Creating the npz files

[liza-alpinia]

Good day!

As far as I understand from the article, the genomescreen algorithm consists of 4 stages, but the sequence mapping stage is not included in the python code. It is not entirely clear after which of the stages it is necessary to form a numpy array?

[marcelTBI]

Hi, yeah, first you have to map the reads, then it is highly recommended to apply loess correction and PCA normalization (all these steps are not included in python codes but are in detail described in the article https://doi.org/10.3390/diagnostics11040708 ). Both of the normalizations are done already on the binned read counts, thus it is very convenient and space-effective to store only those, although it is not entirely usual.

[marcelTBI]

However, if you do not want to do the normalizations, just fill both columns (bins_loess and bins_PCA) with the read count per bin.

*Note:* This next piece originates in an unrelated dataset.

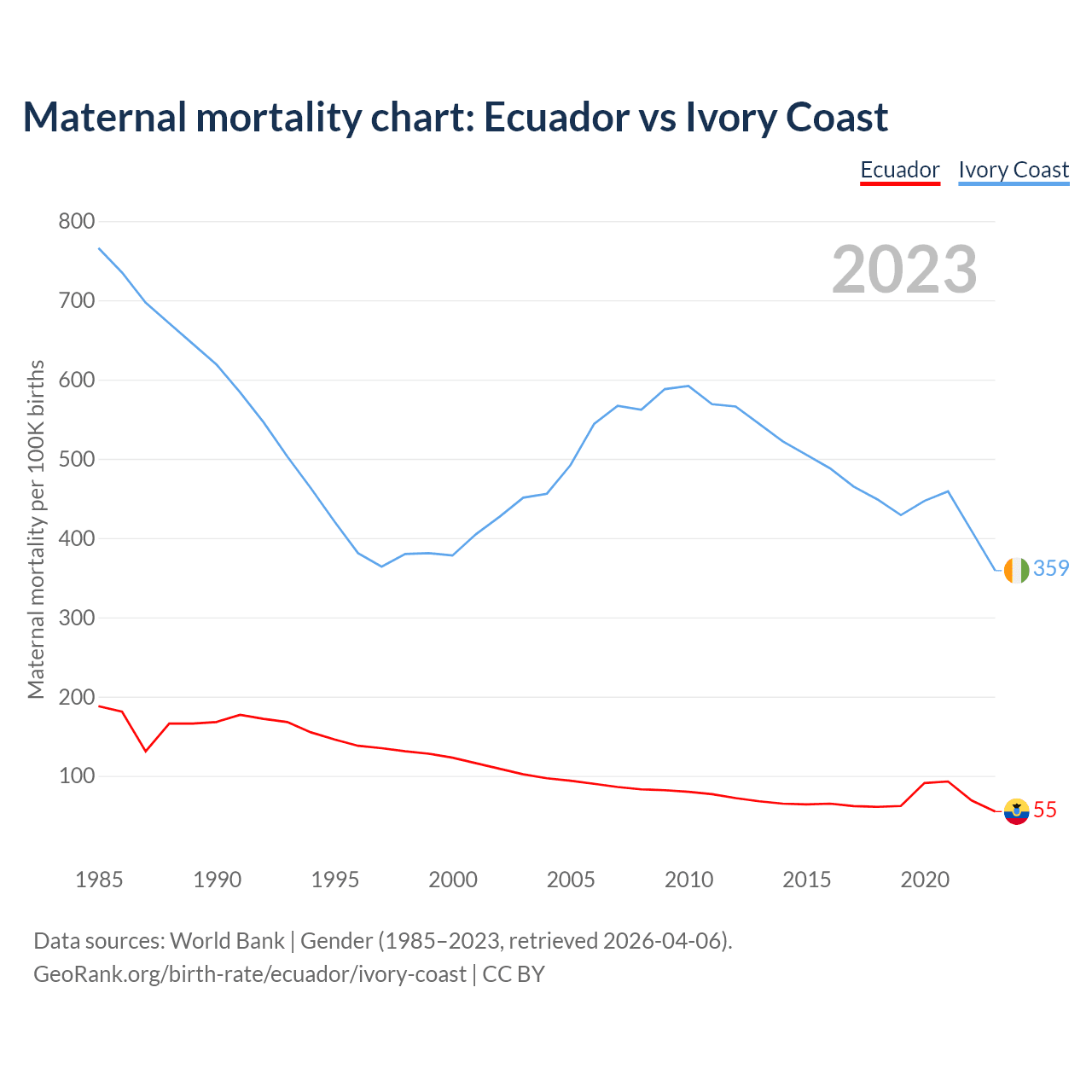 The maternal mortality rate, which is the probability of dying during childbirth or within 42 days of pregnancy termination, is 55 deaths per 100,000 live births in Ecuador, compared to 359 deaths in Ivory Coast.
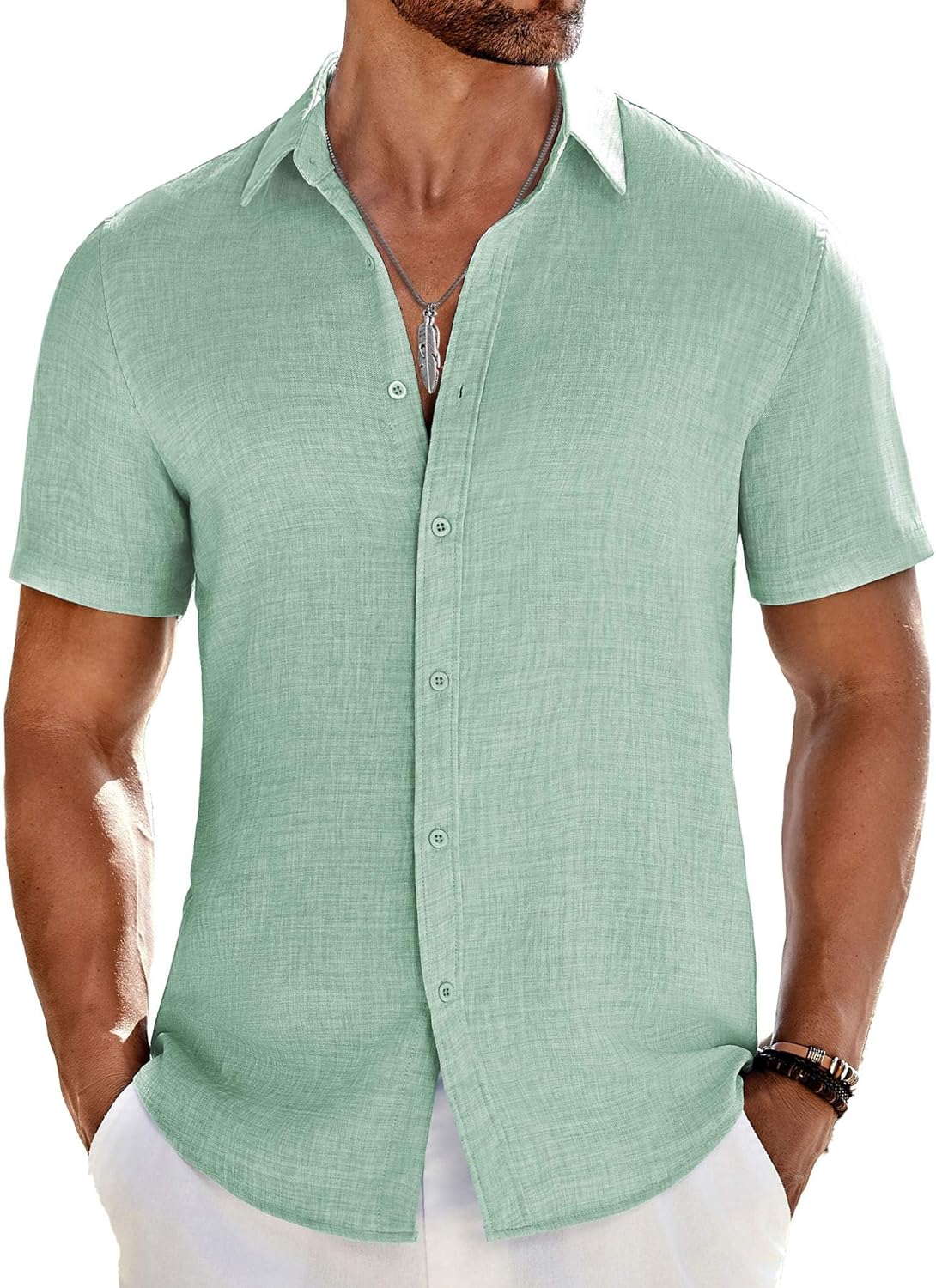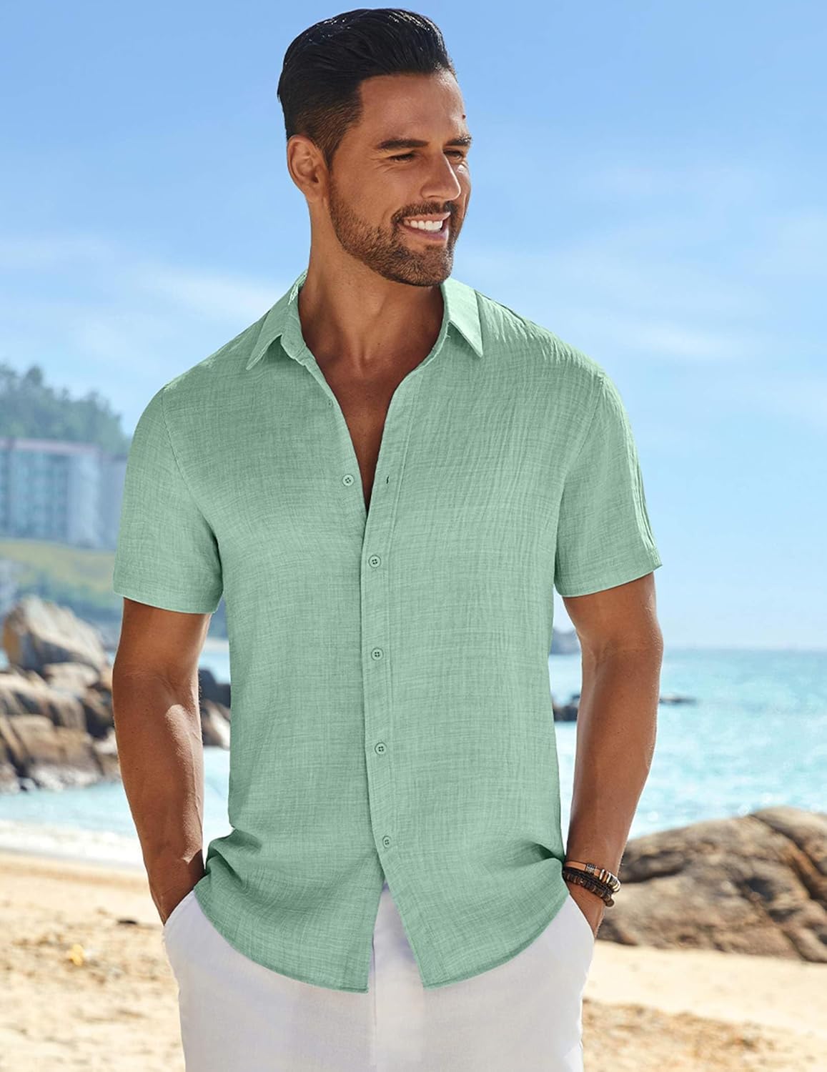 COOFANDY Mens Short Sleeve Button Down Shirts Summer Beach Shirt mens linen shirtsmens linen shirts

You will get slightly imperfect results, but it should suffice to test the program.

[liza-alpinia]

Can you suggest if I understand correctly that the 789 samples described in the article are used as a reference and do not have chromosomal aberrations? Or how reference group is made?

[marcelTBI]

Yes, exactly - those 789 samples were used to create the "means_c15_genomic.npy" file, where there are stored means of the read counts per bin of the 789 genetically healthy samples.

[marcelTBI]

To see the training, please see https://github.com/marcelTBI/CNV_data , where there is described a predecessor of GenomeScreen (tool for NIPT CNV detection). Note that the training set was different, due to different laboratory preparation - the tool is sensitive to laboratory processing and thus should be retrained for different laboratory processing.